Wenn Sie ab einem bestimmten Punkt genug haben von den kleinen Dörfern der Cotswolds, bietet Cheltenham eine erfrischende Ausnahme. Die Stadt, deren Einwohner “Cheltonians” genannt werden, ist, wie Engländer so schön sagen “posh”/todschick oder piekfein. Das Zentrum Cheltenhams ist im Regency Stil gebaut, einem Architekturstil, der den sogenannten Georgian Stil zum Vorbild hat. Prächtig ist die Promenade, die sich breit und geräumig an majestätischen Häusern vorbei durch die Innenstadt zieht. Sie finden hier viele Geschäfte, Cafés und Restaurants.

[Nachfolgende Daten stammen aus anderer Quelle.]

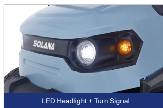
LED Headlight + Turn Signal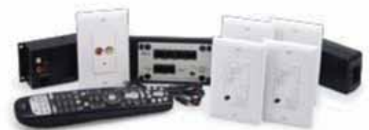
AU7400-XX lyriQ Single Source, 4-Zone Kit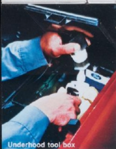
Underhood tool box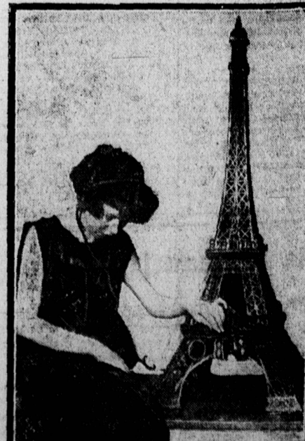
This complete receiving set, built by an amateur, is an exact model of the Eiffel Tower in Paris. The radio set of the future will probably be one which will add to the beauty of the home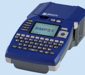
BMP®51 Label Printer ($430)

Labels with more advanced text and formatting on die-cut and continuous supplies for wires and cables, electrical and automation panels and datacomm, as well as misc. industrial labels in operations, maintenance and production areas. 1 in. max width.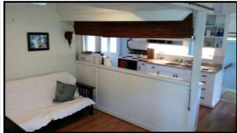
Living Room w/ 2 Queen Futons for additional guests.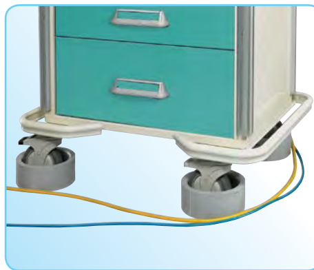
AliMed Caster Guards Keeps cords free from entanglement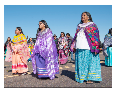
Birds Singing and Dancing by the River.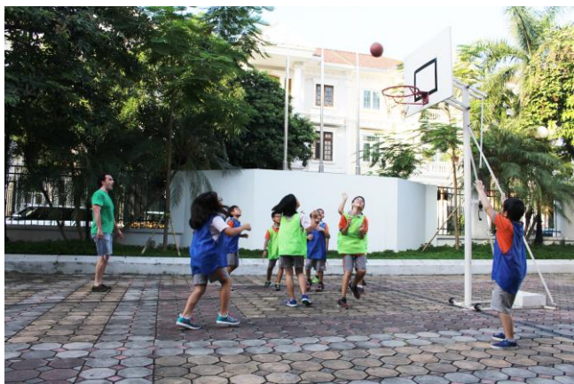
After School Activities Basketball Club

Etwas weiter außerhalb des Zentrums befindet sich der Pittville Pump Room. Früher wurde hier das Wasser der Quelle getrunken, heute wird das schöne Gebäude für Veranstaltungen verschiedener Art benutzt. Sie können es gratis besichtigen und somit die Geschichte Cheltenhams verfolgen.
Auf dem Weg zum Pump Room kommen Sie an Holst Birthplace Museum vorbei. Der Komponist Gustav Holst wurde hier 1874 geboren. Die kleine Ausstellung enthält noch viele Möbel des Musikers, unter anderem sein Klavier.
Auch das Art Gallery and Museum sollten Sie sich nicht entgehen lassen. Besonders die Abteilung über die sogenannte Arts&Craft Movement, hier insbesondere Innendesign, ist zu empfehlen, mit einigen herrlichen Möbeln und Textilien einiger der namenhaftesten Designer der Zeit um die Wende des 19./20. Jarhunderts herum.
In Cheltenhamn finden bereits seit Jahrzehnten regelmäßig Musik- und Literaturfeste statt, die in ganz England berühmt sind.
Aber auch für etwas anderes ist Cheltenham berühmt: Für seinen “Racecourse”/Pferderennbahn, deren Geschichte bereits im Jahr 1819 beginnt. Ein Besuch lohnt sich, ganz besonders an Renntagen.